There were street protests happening all the time about all kinds of things. Anti-War, Civil Rights, Free Speech, etc. You name it and there were 30 million passionate young people out there screaming for justice. And the amazing thing was that even though the society was polarized, even those trying to maintain the status quo knew right from wrong. The last straw for me came when there was a protest about a park, People’s Park in Berkeley, California. There was a dispute going on over who and what was permissible in the park and the California National Guard was called in to restore order. This happened a year before the Ohio National Guard killed several students during a famous anti-war protest at Kent State University. Anyway, the soldiers were ordered to use force to restore order and John Kifner (NYT Reporter) led off his story with the fact that this was the first time in US History that a large unit of guard soldiers had refused to obey an order. I watched as the story was filed, sent to the editing desk and ultimately looked nothing like what he had sent in. It was clearly the most important story of the day and deserved to be placed on the front page.

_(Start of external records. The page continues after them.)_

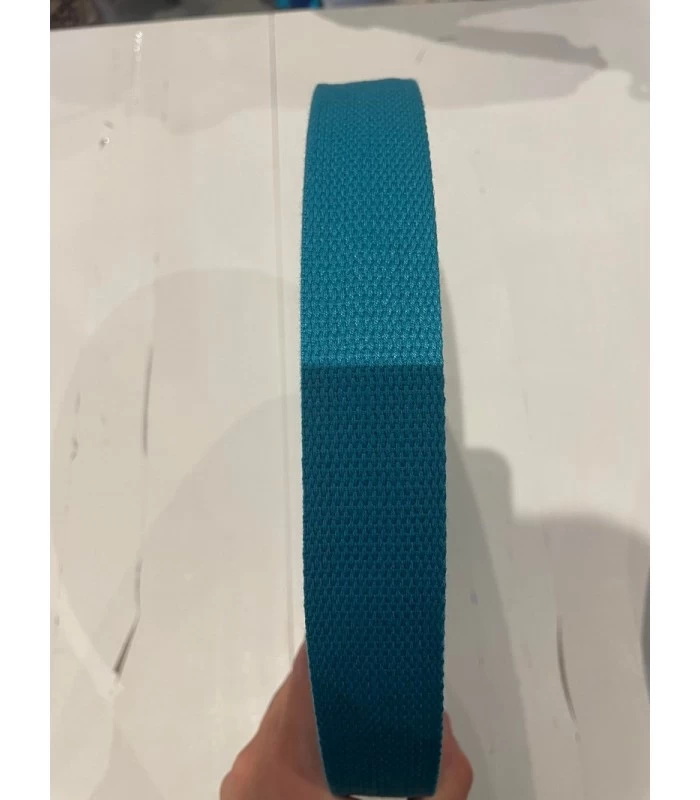 Lys petrol gjordbånd 32 mm – slidstærkt taskebånd i bomuld/polyester. Perfekt til tasker, remme og kreative projekter.
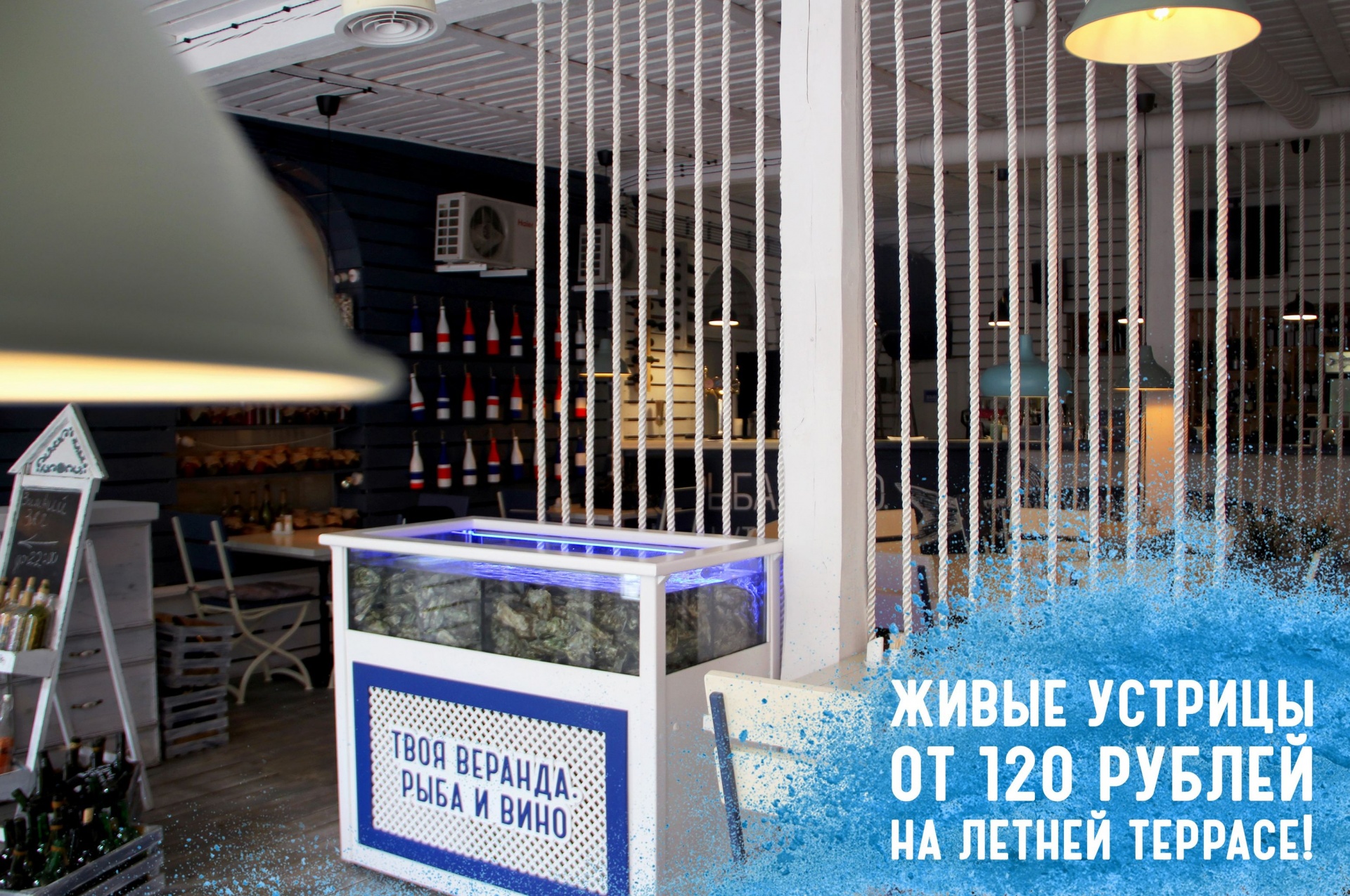 Теперь Вы снова можете насладиться своим отдыхом на открытой террасе Твоя Веранда. Рыба и вино в компании любимого бокала белого сухого и свежих устриц, которые выберете сами прямо из нашего аквариума, а подадим мы их с долькой свежего лимона или с соусом на Ваш выбор! Да, и поделимся еще одной супер-новостью, мы обновили наше предложение «Устрицы и моллюски», рекомендуем заглянуть ;)
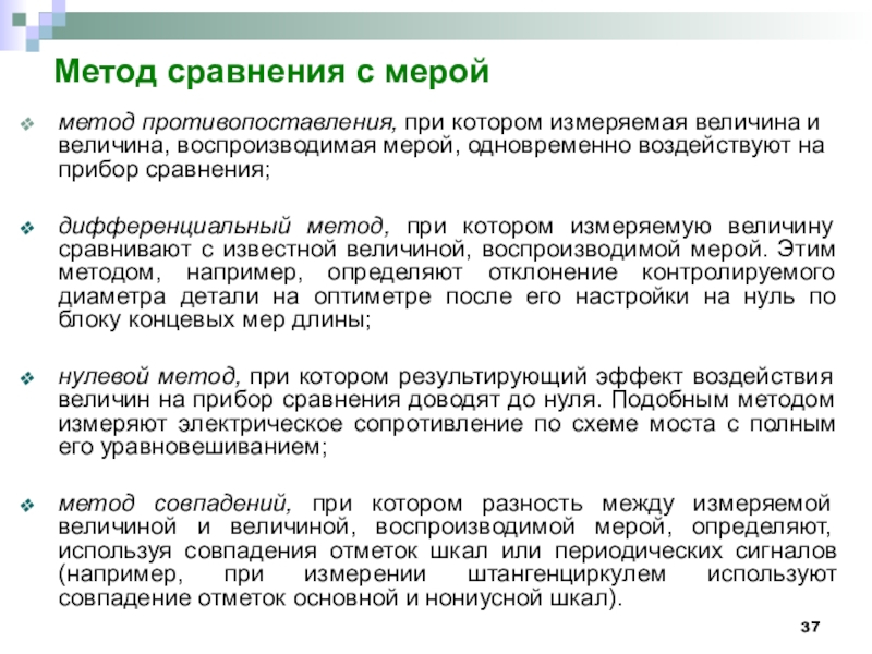 дифференциальный метод, при котором измеряемую величину сравнивают с известной величиной, воспроизводимой мерой. Этим методом, например, определяют отклонение контролируемого диаметра детали на оптиметре после его настройки на нуль по блоку концевых мер длины;
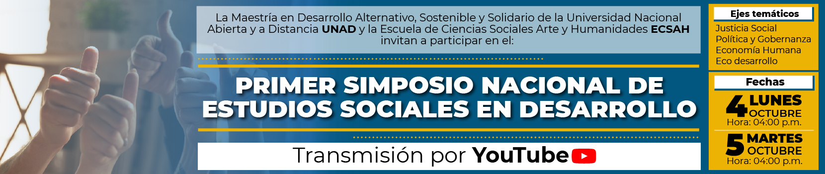 La Maestría en Desarrollo Alternativo, Sostenible y Solidario de la Universidad Nacional Abierta y a Distancia UNAD y la Escuela de Ciencias Sociales Arte y Humanidades ECSAH invitan a participar en el Primer Simposio Nacional de Estudios Sociales del Desarrollo.
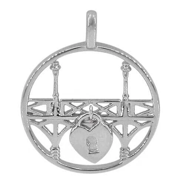 Sterling Silver With Rhodium Love Lock Bridge Pendant, 22mm Diameter(Outer Frame)
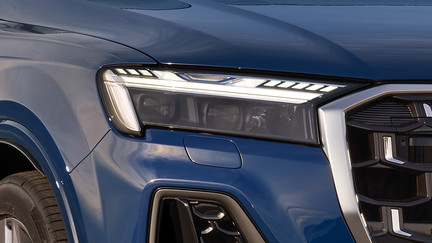 HDマトリクスLEDヘッドライトは、解像度が高い光で道路を高精細に照射。高速走行でハイビーム使用時にカメラが対向車や先行車を検知すると、そのエリアへのハイビームをオフにしつつ、それ以外の車間エリアや周辺は明るく照らし続けます。アウディレーザーライトは高速走行時に作動し、ハイビームの照射距離を約2倍に拡大。MMIタッチディスプレイで4つの点灯パターンを切り替えられるデジタルデイタイムランニングライトと、印象的な光の流れを生みだし周囲の注意を喚起するダイナミックターンインディケーターも搭載しています。
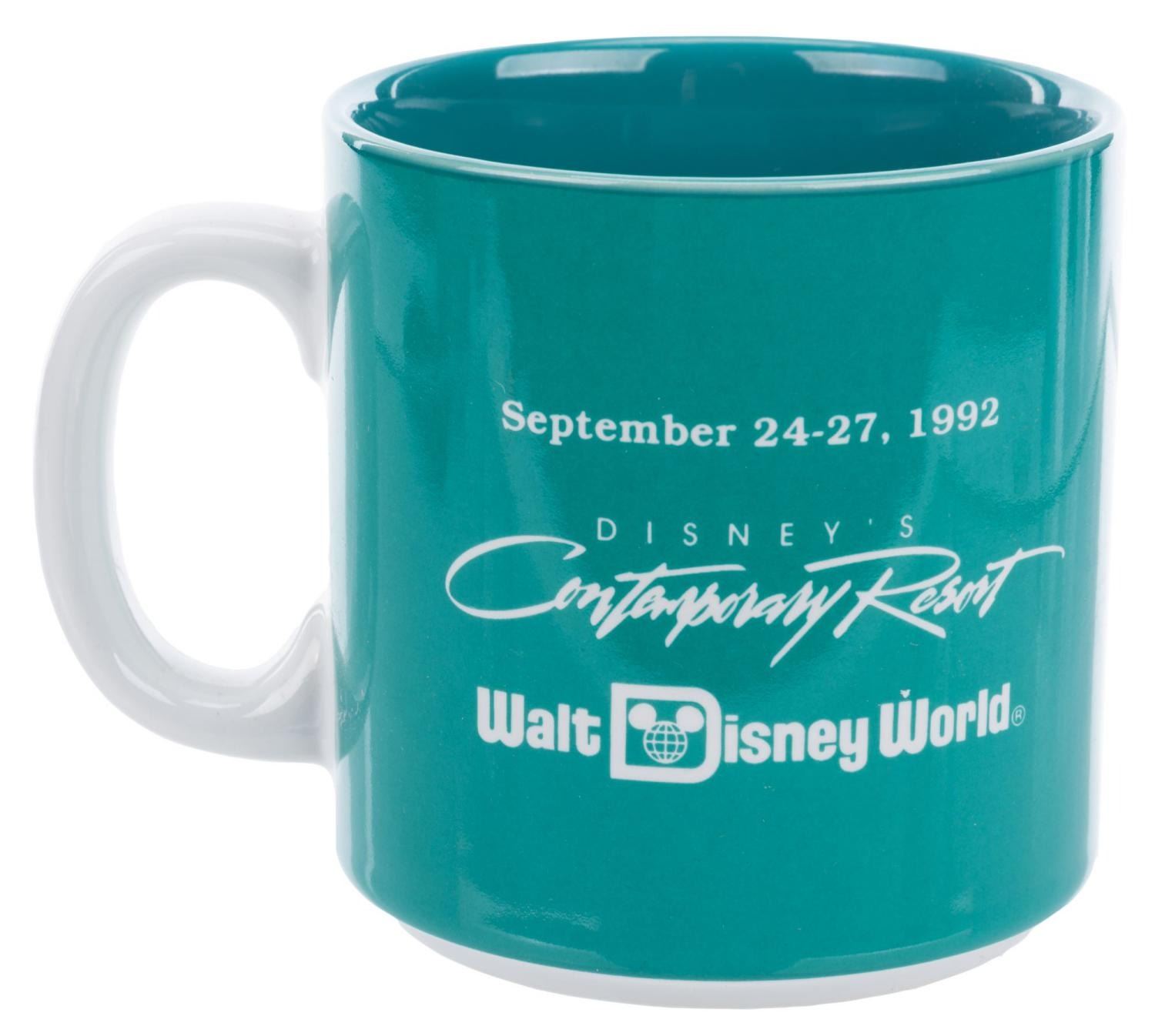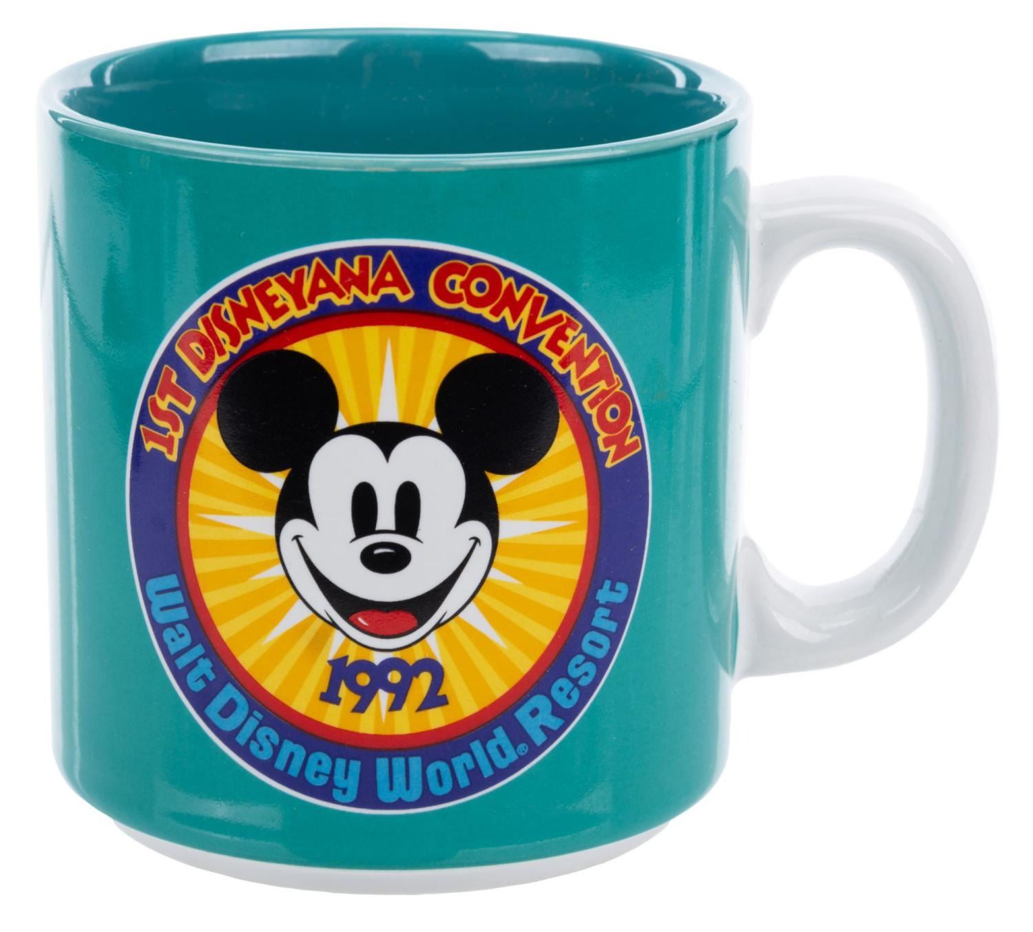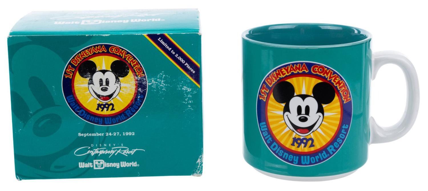 (Disneyana, 1992) A mug from the 1st Disneyana Convention at Disney’s Contemporary Resort, released in a limited edition of 3000. Measuring 3.25” in diameter and 3.5” tall with its original 3.5” x 4.75” x 3.75” tall box, the mug is in fine condition.
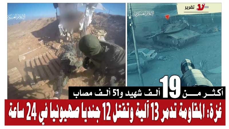 أكثر من 19 الف شهيد و51 مصاب.. المقاومة تدمر 13 آلية وتقتل 12 جندي صهيوني في 24 ساعة

His filing went to a copy editor who rewrote his lead paragraph to simply relate the protest and put the Guard’s refusal to obey down into the 4th or 5th paragraphs. Then, when the story was placed on the front page, those paragraphs were too far down to be there but were to be included in the continuation of the story inside the paper. Now… remember that the news divisions are allotted a specific amount of space in the paper each day. They always sent more than they were allotted and what wasn’t used was regarded as ‘overset’ and discarded. Guess what wound up as ‘overset’ and never even made it into the paper?
Although I loved the job for its excitement and meaningfulness, in the end, I left. I’m not sure if I left cause I was too high, too moral, too young, or just too full of myself but I spent a lot of time thinking about the casualty lists, the life I was seeing every night in Manhattan, and the opportunity to do something ‘completely’ different.